Material shown Block Start

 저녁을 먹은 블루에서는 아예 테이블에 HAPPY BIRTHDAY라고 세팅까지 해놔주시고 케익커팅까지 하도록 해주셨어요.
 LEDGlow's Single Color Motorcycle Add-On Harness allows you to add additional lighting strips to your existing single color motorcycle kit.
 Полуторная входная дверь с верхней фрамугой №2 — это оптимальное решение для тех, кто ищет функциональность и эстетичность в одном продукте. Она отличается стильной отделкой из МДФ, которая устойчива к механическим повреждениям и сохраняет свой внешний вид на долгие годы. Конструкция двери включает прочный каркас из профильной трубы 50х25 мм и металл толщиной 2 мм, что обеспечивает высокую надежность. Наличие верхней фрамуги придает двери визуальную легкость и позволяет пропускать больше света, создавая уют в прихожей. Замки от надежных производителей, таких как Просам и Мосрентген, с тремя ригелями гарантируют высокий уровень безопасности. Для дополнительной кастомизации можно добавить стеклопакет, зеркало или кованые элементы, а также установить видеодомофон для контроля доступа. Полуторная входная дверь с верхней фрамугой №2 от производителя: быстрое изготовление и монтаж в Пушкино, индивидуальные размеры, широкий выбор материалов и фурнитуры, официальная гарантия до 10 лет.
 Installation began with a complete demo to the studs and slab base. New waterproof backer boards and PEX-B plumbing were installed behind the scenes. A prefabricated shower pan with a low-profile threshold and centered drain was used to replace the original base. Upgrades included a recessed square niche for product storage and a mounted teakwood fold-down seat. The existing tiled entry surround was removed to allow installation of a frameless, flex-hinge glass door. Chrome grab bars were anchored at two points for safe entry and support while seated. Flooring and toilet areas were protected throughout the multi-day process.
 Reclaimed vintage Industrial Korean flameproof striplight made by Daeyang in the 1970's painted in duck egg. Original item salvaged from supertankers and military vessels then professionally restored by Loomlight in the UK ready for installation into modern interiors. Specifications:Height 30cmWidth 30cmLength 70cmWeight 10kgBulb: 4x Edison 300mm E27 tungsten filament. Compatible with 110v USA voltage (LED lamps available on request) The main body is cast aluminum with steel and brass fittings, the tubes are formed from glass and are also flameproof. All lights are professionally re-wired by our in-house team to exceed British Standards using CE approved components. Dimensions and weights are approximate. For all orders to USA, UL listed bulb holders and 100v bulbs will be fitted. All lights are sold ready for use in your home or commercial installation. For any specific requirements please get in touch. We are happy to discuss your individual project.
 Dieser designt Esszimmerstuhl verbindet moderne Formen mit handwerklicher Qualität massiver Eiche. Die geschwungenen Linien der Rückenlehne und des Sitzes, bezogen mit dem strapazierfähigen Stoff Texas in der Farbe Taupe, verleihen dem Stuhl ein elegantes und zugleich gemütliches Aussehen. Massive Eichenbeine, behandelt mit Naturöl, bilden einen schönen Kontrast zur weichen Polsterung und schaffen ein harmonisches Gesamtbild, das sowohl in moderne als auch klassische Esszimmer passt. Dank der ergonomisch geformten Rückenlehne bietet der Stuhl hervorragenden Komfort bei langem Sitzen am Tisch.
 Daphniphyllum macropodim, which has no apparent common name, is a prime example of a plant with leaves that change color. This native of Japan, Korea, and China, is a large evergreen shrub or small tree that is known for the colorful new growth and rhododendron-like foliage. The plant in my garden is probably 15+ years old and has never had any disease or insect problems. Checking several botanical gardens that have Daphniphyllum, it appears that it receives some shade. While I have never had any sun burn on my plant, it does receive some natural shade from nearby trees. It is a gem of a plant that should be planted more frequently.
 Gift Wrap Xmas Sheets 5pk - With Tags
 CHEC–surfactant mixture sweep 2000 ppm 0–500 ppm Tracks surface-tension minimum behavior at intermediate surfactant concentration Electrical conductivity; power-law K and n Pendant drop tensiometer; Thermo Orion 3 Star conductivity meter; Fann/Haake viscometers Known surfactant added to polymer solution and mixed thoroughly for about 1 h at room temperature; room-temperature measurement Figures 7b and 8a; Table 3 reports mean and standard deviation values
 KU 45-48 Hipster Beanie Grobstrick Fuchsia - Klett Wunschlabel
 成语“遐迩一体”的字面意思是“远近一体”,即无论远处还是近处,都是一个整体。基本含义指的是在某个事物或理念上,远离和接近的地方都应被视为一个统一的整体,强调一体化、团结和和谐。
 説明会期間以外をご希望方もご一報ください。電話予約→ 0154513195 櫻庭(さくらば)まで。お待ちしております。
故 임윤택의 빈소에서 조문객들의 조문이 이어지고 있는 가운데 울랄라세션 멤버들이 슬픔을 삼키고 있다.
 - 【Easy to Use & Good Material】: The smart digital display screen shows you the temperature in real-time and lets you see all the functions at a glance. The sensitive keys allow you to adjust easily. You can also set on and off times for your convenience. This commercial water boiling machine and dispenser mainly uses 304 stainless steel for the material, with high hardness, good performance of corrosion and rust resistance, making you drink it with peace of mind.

Material shown Block End

* Prompt *
Every line of the listing that holds the word "existing" is to be found and copied.

* Written reply *
 LEDGlow's Single Color Motorcycle Add-On Harness allows you to add additional lighting strips to your existing single color motorcycle kit.
 Installation began with a complete demo to the studs and slab base. New waterproof backer boards and PEX-B plumbing were installed behind the scenes. A prefabricated shower pan with a low-profile threshold and centered drain was used to replace the original base. Upgrades included a recessed square niche for product storage and a mounted teakwood fold-down seat. The existing tiled entry surround was removed to allow installation of a frameless, flex-hinge glass door. Chrome grab bars were anchored at two points for safe entry and support while seated. Flooring and toilet areas were protected throughout the multi-day process.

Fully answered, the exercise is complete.